Envie d'un peu de tout et de rien à la fois.

Il vaut mieux que je l'avoue d'emblée: je n'ai plus d'inspiration. Des idées très fugitives, qui tentent de baliser de nouveaux chemins dans l'esprit, puis très vite y renoncent. En ce moment, je préfère les grands espaces où on est partout à la fois. J'aime me perdre pour mieux ne plus me retrouver.

Se forcer à écrire, ça fait trop mal. Non à la manière du sel qu'on frotterait sur une blessure à vif, mais à la manière d'un coeur qui se contracte péniblement, d'une migraine qui enserre toujours un peu plus les tempes, sournoisement.

J'ai envie d'aller voir la mer.

Finalement, la mer du Nord en hiver, grise, froide, ça pourrait guérir. Du moment qu'il n'y a personne sur la grève.

Ou un village à l'écart, l'automne, les roses d'automne dont le rouge tranche sur la brique ocre et grise. Des odeurs de feu de bois. Il fait juste un peu frais. Ciel de plomb.

Je verse un peu dans les réminiscences, mais lorsqu'on vit principalement dans un monde fabriqué de toutes pièces, avec des morceaux de tissu retrouvés dans ce que les autres ont laissé sur le bord de la route...

Je ne finis pas les phrases. Texte aléatoire. Il faudra bien s'y faire.
Ne jamais achever. Tout est dans le mouvement.

Bonsoir.

Oct 11, 2008

(aparté)

[I'm alright baby
I've just got you
somewhere on my mind
...]

Oct 5, 2008

Pluie du dimanche

On finit par s’habituer à tout, même au Nord. Dimanche matin, 8h, les grandes bourrasques, la pluie qui déferle en lames et qui, dans le vent, prend un aspect fantomatique, les livres qui s’entassent, les parfums de café en bas… On se croirait en novembre. Cela en devient presque agréable d’aller en cours, de prendre les notes au chaud tandis que le froid se casse les dents sur les toits métalliques, au-delà des vitres.

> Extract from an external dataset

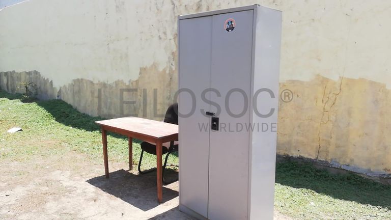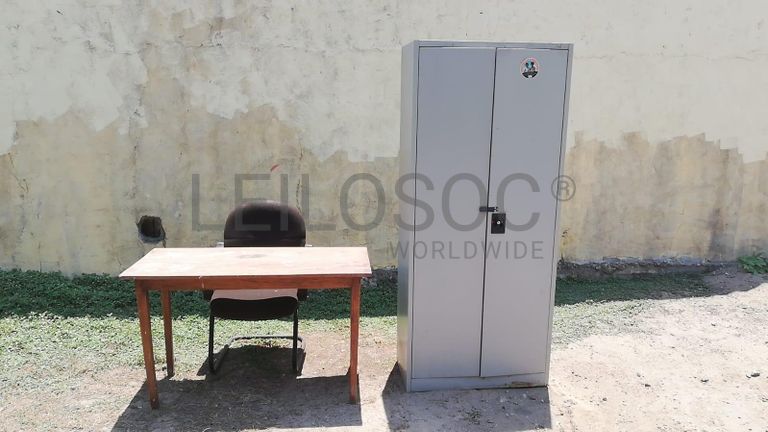 Um conjunto de cadeira, mesa de madeira e um cacifo.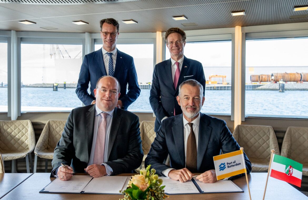 Die Häfen in Duisburg und Rotterdam setzen ihre enge Zusammenarbeit fort: In Anwesenheit von Hendrik Wüst, Ministerpräsident des Landes Nordrhein-Westfalen, wurde letzte Woche eine neue Absichtserklärung (Letter of Intent – LoI) unterzeichnet. Damit bestärken die beiden wichtigen europäischen Logistik-Hubs ihr Ziel, gemeinsam nachhaltige Transportkorridore über den Verkehrsträger Wasserstraße sowie zukunftsfähige Initiativen zur Energiewende zu entwickeln – zum Wohle der Industrie und der Lieferkette zwischen und innerhalb von Rotterdam und Duisburg.

Salle 107. Une seule fenêtre, haute et étroite. De l’autre côté de la rue, la chapelle du lycée catholique d’en face, à demi-cachée par un arbre qui résiste encore à se faire dépouiller. Les teintes : gris plomb pour le ciel, marron pour la brique, vert sombre pour ce qu’il reste de l’arbre. Le tout a un petit air d’Oxford.

Les tenues d’hiver ont du charme. J’ai hâte d’être en décembre, pour pouvoir descendre en ville à midi, skipper la cohue de la cantine et me balader dans le froid. Bientôt les rues décorées, les parfums des fêtes, ces épices d’hiver.

J’ai vidé entièrement les malles que j’ai trouvées dans les recoins. Des cartes postales, des vieux livres, beaucoup de musique aussi, et des souvenirs de la salsa.

Je n’en demande pas moins, pas plus.